** Opening Material for this task block **

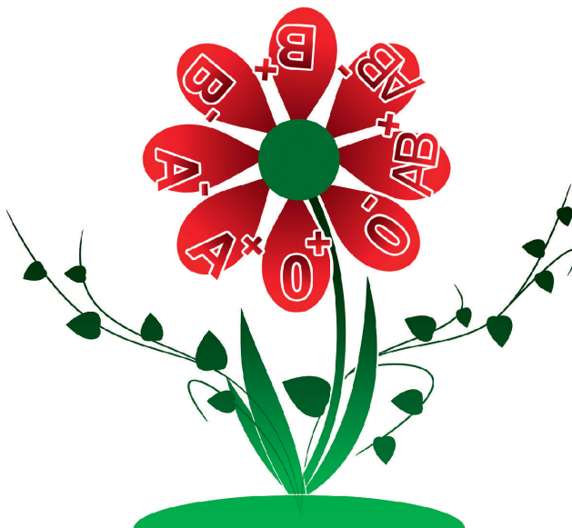
Graphik: „Blutspendeblyme Gerd Altmann pixabay.png“ (freier download)

https://www.unimedizin-mainz.de/transfusionszentrale
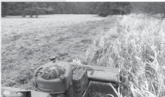
listopad 2016 Asanace drnu na lokalitě Bahna a Utopenec
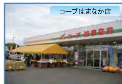
コープはまなか店
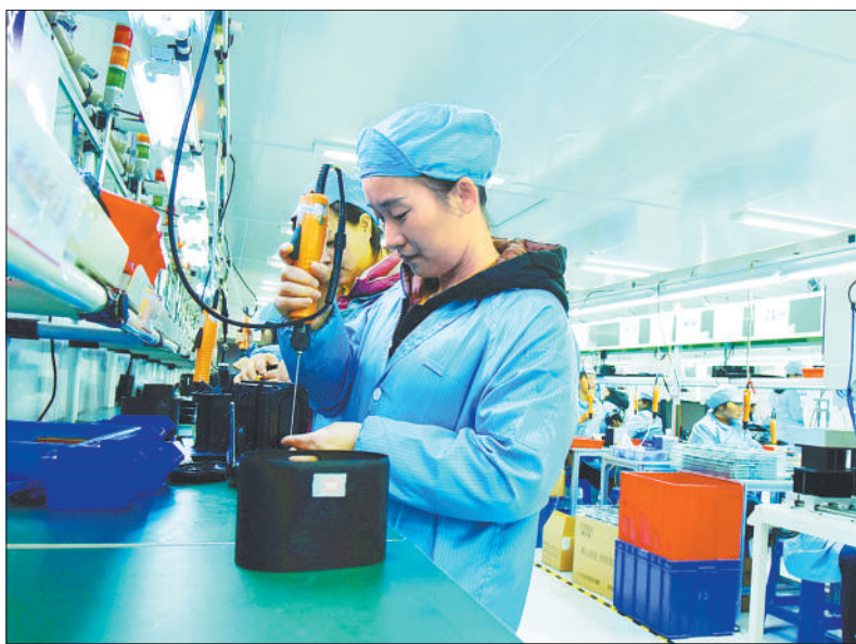
▲12月9日,位于江苏省海安市立发街道的江苏联发纺织股份有限公司,员工在加工出口的纺织品。当地纺织企业瞄准市场需求,加大产品研发力度,开发的新产品出口东南亚、欧美等国家和地区。
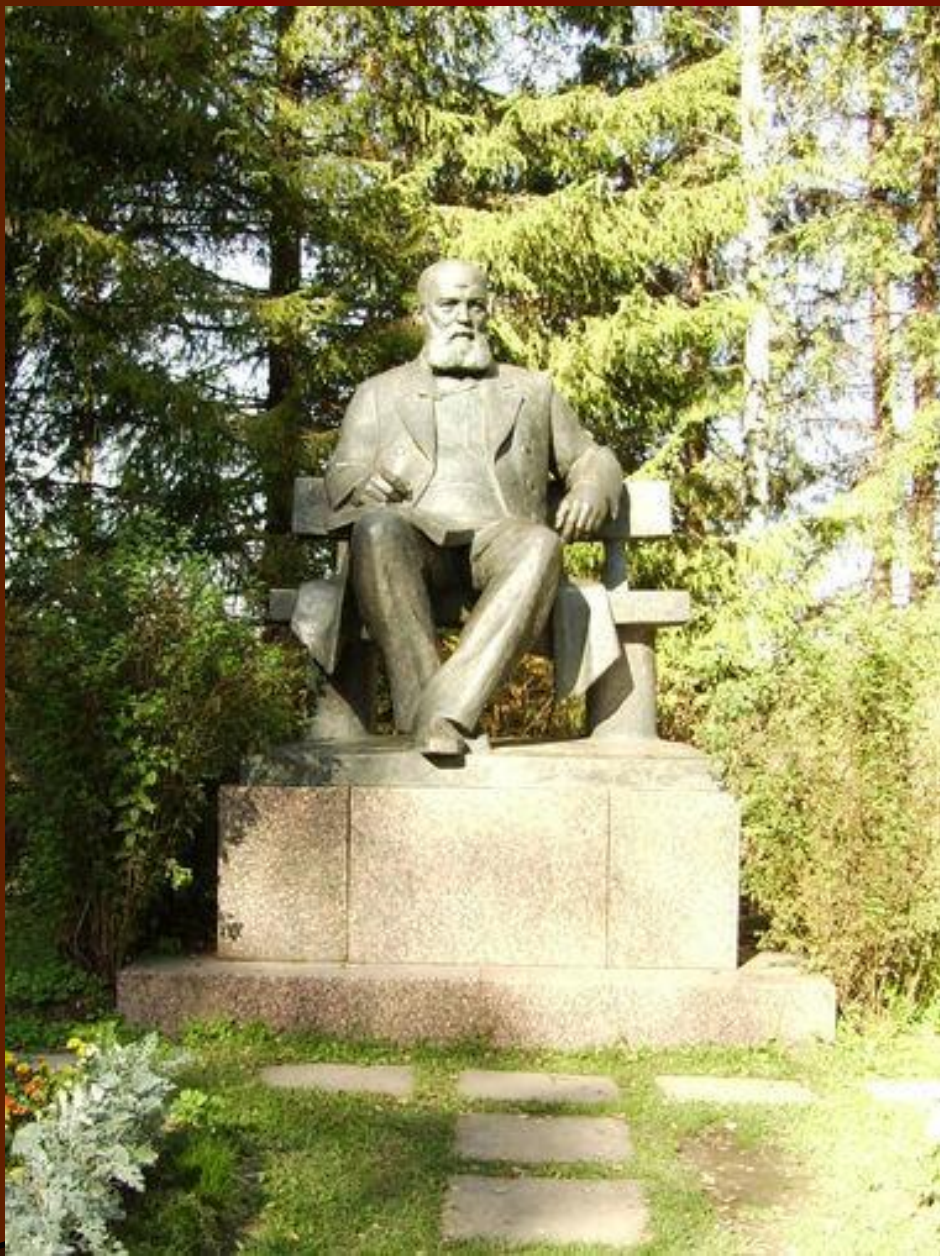
Памятник А.Н. Островскому Щельково

** Closing Material for this task block **

▶ _Requirement_: Exclude the pictures and transcribe all of the entries exactly.

▶ _Solution for this task_:
Graphik: „Blutspendeblyme Gerd Altmann pixabay.png“ (freier download)

https://www.unimedizin-mainz.de/transfusionszentrale
listopad 2016 Asanace drnu na lokalitě Bahna a Utopenec
コープはまなか店
▲12月9日,位于江苏省海安市立发街道的江苏联发纺织股份有限公司,员工在加工出口的纺织品。当地纺织企业瞄准市场需求,加大产品研发力度,开发的新产品出口东南亚、欧美等国家和地区。
Памятник А.Н. Островскому Щельково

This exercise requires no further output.